O mundo atual é obcecado por imagens, o mundo das redes sociais bombardeia com milhares dessas todos os dias. Afinal o que buscamos ao fotografar? Quanto desse processo é aquilo que diz Barthes (2015) “aquele que julgo, aquele que eu gostaria que me julgassem” (Barthes, 2015, p. 20), ou seria de fato uma busca de colocar para o mundo a minha expressão imaginal do mundo psicológico, como diz Hillman (1989), buscando dessa forma a transformação através dessas imagens.
Hoje praticamente todos tem acesso a varinha mágica que apreende as imagens, muitos possuem acesso a possibilidade de publicização das mesmas. Imagens e almas soltas no mundo, quando manipulamos a magia com irresponsabilidade torna-se algo perigoso para a psique. “A magia é insinuante, e daí sua periculosidade (JUNG, C.W. XVIII § 156).

A diferença da magia antiga para a atual é que hoje utiliza-se imagens ao invés de palavras, onde no período longínquo nem todos tinham acesso a escrita e leitura, contemporaneamente todos tem acesso as imagens, transformam e distorcem suas almas ou as tornam algo vazio, proliferando o vácuo de sentido de imagens e almas, virando penumbras perambulando num limbo de almas perdidas. Estamos rodeados de imagens zumbis, corpos sem alma.

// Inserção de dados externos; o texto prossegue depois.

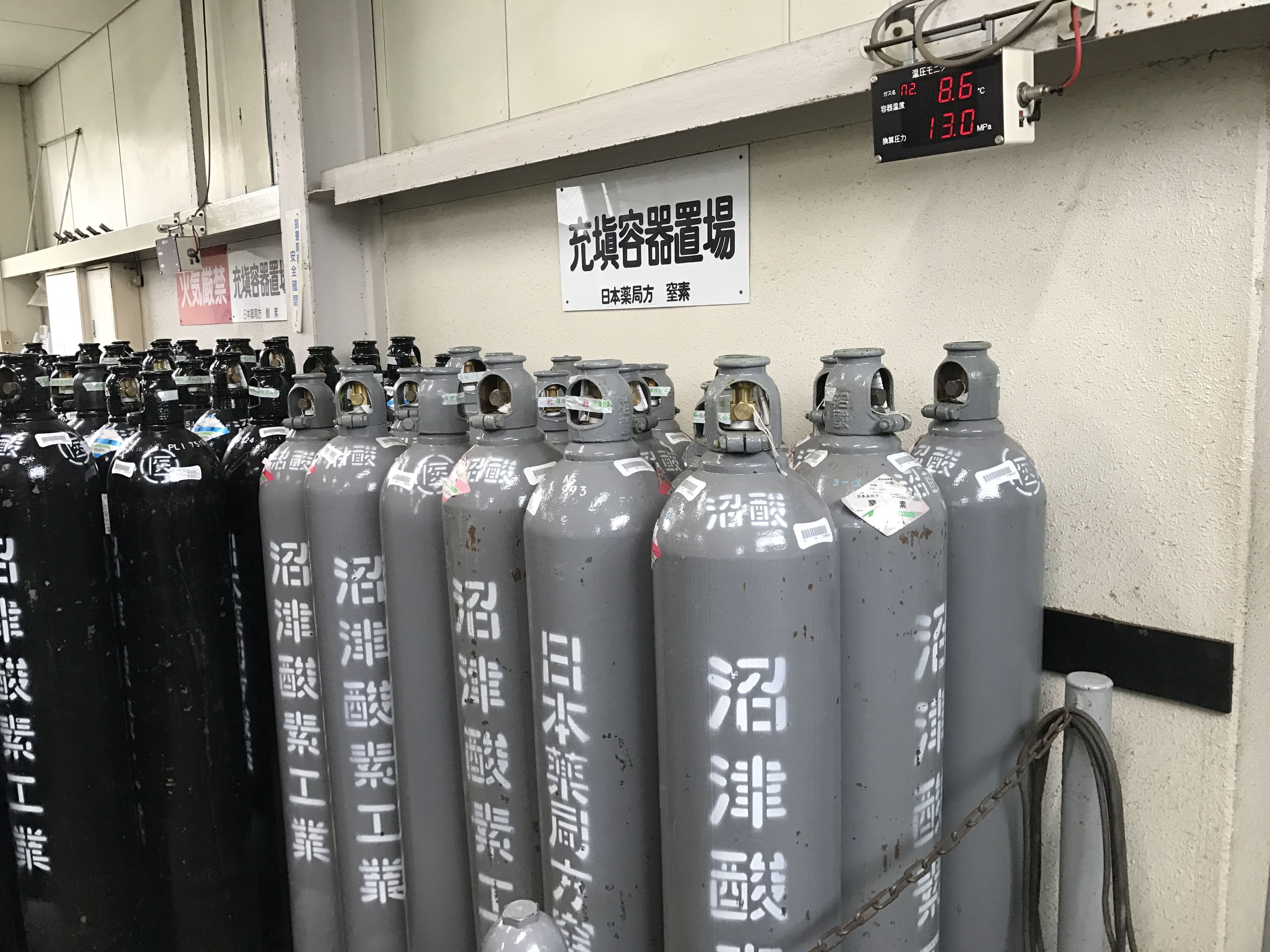 沼津酸素工業では、すべての容器に対してコンピューター制御による容器耐圧検査を実施しています。また、錆などによる容器の劣化を防止するための外部研磨や塗装については、作業の確実性を保持し、同時に作業者への負担を軽減するため、専用の設備を整えるなどの配慮を行っています。

Como tornar então a fotografia em algo imaginal, almado, com sentido? Creio que não há apenas uma resposta para essa problemática, mas parto aqui de uma visão extremamente pessoal de vivências e leituras que tive em meu processo de encontro com a fotografia, tanto na função de espectador, quanto na função de fotógrafo. Não creio que minha indicação também seja correta, seria arrogância ter essa crença, listo apenas uma maneira que ao meu ver tornou a fotografia cheia de alma para mim.

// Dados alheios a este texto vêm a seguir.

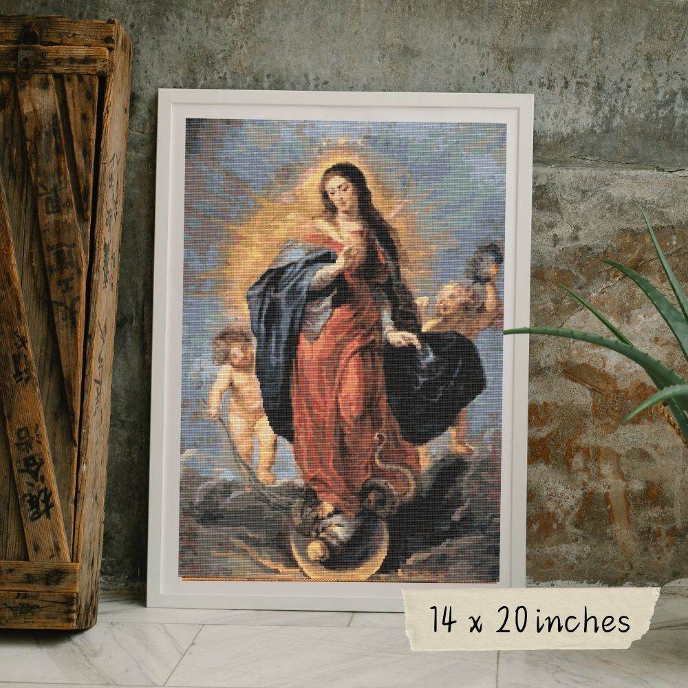 Celebrate classic art with the Immaculate Conception Cross Stitch Kit, inspired by Peter Paul Rubens. This kit features a radiant depiction of the Virgin Mary surrounded by cherubs, capturing the beauty and reverence of this timeless masterpiece.
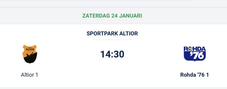 De kraker Altior-Rohda’76 in de vierde klasse B is verplaatst naar zaterdag 24 januari 2026.

O processo alquímico busca a transformação dos materiais e da alma num eterno continuum, a fotografia da mesma forma deve partir de um método cuidadoso e laboratorial, indo em sentido ao imaginal, para que a alma seja transformada. Ao coletar a luz para a câmera deve haver um sentido, uma busca, um trabalho, uma numinosidade, no desejo de transformação da imagem.
Sendo a imagem um processo alquímico, uma projeção do interior, alcançamos a voz do coração, alcançamos um mundo almado. No livro “O Pensamento do Coração e a Alma do Mundo” Hillman (2010) propõe um olhar diferente para alma, escutando o coração, não o coração orgânico dividido, mas o coração imaginal.
A apreensão da imagem de uma maneira alquímica, trabalhada com profundidade, proporciona um resgate das imagens do coração. Proporcionar a escuta do coração leva a um retorno à psique como estética, a alma e o coração estão no belo. “A beleza é o manifesto da alma…” (Hillman, 2010, p. 45). Fotografar o mundo, de maneira alquímica, trabalhada e laboratorial, instiga a visualização da alma das coisas.
O relacionamento com a alma fotográfica leva de encontro ao proposto por Hillman (2010), o retorno da alma ao mundo, deixando que os objetos falem e não sejam meros escravos do ego. Diante dessa forma de existir possamos respeitar nossa relação com anima mundi. A tomada das imagens de forma alquímica é uma proposta para que possamos transformar a nossa realidade, resgatar a sensibilidade e a alma do mundo.

REFERÊNCIAS
BARTHES, Roland. A Câmara Clara. Rio de Janeiro, Nova Fronteira, 2015
JUNG, Carl Gustav. Estudos Alquímicos. Obras completas C. G. Jung v. XIII. Petrópolis: Vozes, 2002.
JUNG, Carl Gustav. Psicologia e Alquimia. Obras completas C. G. Jung v. XII. Petrópolis: Vozes, 2009.
HILLMAN, James. Entre Vistas: Conversas com Laura Pozzo sobre psicoterapia, biografia, amor, alma, sonhos, trabalho, imaginação e o estado da cultura. São Paulo, Summus, 1989.
HILMANN, James. O pensamento do coração e a alma do mundo. Campinas, Verus, 2010.
PIMENTA, Alan Victor. Solve et Coagula – arte alquímica, corpo e luz. In: ALEGRAR nº18 – Dez/2016.